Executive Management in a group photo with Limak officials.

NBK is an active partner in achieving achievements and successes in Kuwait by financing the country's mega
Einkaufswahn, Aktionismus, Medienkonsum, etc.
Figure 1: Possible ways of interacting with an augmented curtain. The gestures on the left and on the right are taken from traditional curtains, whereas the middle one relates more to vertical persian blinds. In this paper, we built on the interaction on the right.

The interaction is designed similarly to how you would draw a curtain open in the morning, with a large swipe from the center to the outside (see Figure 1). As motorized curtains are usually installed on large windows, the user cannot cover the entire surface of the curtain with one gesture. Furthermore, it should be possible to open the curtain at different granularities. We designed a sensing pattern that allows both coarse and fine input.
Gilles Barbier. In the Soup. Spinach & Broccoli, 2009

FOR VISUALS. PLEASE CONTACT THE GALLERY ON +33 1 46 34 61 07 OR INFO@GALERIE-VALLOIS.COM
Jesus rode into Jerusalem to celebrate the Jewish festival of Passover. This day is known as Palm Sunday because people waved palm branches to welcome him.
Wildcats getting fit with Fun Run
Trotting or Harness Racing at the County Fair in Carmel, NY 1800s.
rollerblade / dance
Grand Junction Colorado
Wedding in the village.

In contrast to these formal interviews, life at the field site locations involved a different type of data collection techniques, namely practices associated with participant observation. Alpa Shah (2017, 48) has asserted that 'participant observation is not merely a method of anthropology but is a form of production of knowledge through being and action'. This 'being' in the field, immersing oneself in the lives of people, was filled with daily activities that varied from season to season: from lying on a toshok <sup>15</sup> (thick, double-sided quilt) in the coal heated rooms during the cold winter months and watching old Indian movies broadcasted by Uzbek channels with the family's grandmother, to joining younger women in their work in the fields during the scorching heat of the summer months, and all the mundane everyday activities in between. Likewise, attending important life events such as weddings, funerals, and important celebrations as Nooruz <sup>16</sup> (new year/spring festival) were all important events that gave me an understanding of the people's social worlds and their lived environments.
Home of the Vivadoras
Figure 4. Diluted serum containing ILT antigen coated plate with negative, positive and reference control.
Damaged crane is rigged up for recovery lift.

● ● ● ●

Directions for this task: Look over the listing above. Pick out and copy every line that includes "curtains".

Result of the task:
Figure 1: Possible ways of interacting with an augmented curtain. The gestures on the left and on the right are taken from traditional curtains, whereas the middle one relates more to vertical persian blinds. In this paper, we built on the interaction on the right.
The interaction is designed similarly to how you would draw a curtain open in the morning, with a large swipe from the center to the outside (see Figure 1). As motorized curtains are usually installed on large windows, the user cannot cover the entire surface of the curtain with one gesture. Furthermore, it should be possible to open the curtain at different granularities. We designed a sensing pattern that allows both coarse and fine input.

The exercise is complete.